The Role of ETFs in 401k Plans

While there has been some adoption of ETFs in 401k plans, mutual funds still dominate this space. David Box explained that ETFs have historically faced barriers in retirement plans, primarily 401ks, because the key benefit of intraday tradability is less relevant. Most individuals in 401ks do not actively trade daily; instead, their investments come from regular distributions and income from paychecks (weekly, bi-weekly, or monthly). However, a growing trend in 401k plans, mirroring the broader ETF market, is the increased use of index products and low-cost products. This indicates that investors are increasingly allocating their 401ks in a similar fashion to their taxable accounts outside of retirement plans, where ETFs are commonly used.

ETFs for Alternative Investments

Approximately 25% of surveyed ETF investors are utilizing ETFs for alternative investments (alts). While the conversation in 2025 often revolved around traditional, lower-liquidity alternatives like private credit and private equity, the study's findings highlight a broader scope. The top alternatives investors are looking at include:

  • Commodities: Such as gold and silver, which can provide diversification benefits and potentially outsized returns in certain market conditions.
  • Real Estate: Another traditional alternative offering diversification.

The younger, millennial investor demographic is also showing increasing affinity for newer asset classes like cryptocurrencies for their perceived diversification benefits.

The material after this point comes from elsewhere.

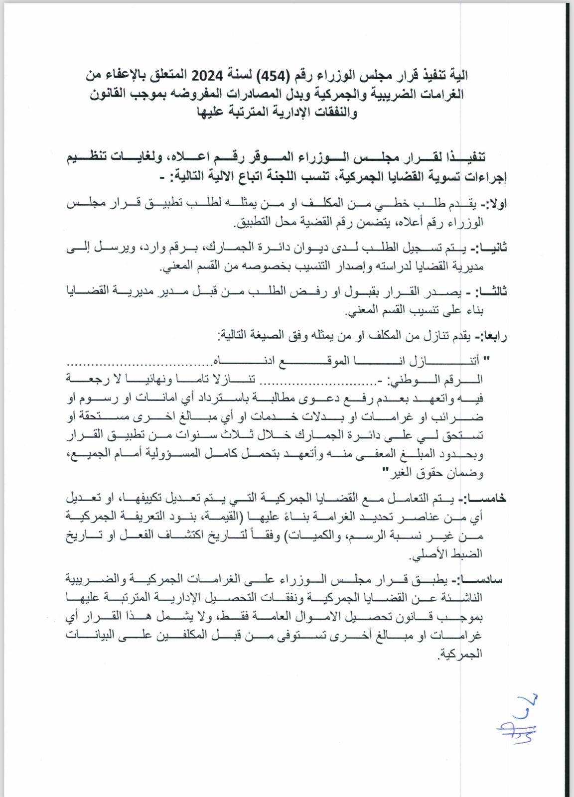 كشفت الجمارك الاردنية اليوم الاحد، آلية تنفيذ قرار مجلس الوزراء رقم (454) لسنة 2024 المتعلق بالإعفاء من الغرامات الضريبية والجمركية وبدل المصادرات المفروضه بموجب القانون والنفقات الإدارية المترتبة عليها .

Regarding potential pitfalls, David Box cautioned that when considering ETFs that offer access to alternatives like private equity or private credit, it is crucial to ensure that the underlying securities have sufficient liquidity. This is vital to prevent the tradability of the ETF from being diminished, thereby preserving the core benefit ETFs offer investors. The question of liquidity for these products remains a key challenge for the coming years.

Conclusion

The ETF market is experiencing unprecedented growth, driven by significant inflows, investor enthusiasm, and key factors like accessibility, cost-efficiency, and increased market education, particularly among millennials. While ETFs face unique considerations in 401k plans due to their trading characteristics, the broader trend towards low-cost, indexed products is evident. The expanding use of ETFs for alternative investments, ranging from traditional commodities and real estate to newer asset classes like cryptocurrencies, underscores their versatility. However, ensuring adequate liquidity for underlying assets in alternative-focused ETFs remains a critical challenge to maintain their core tradability benefit.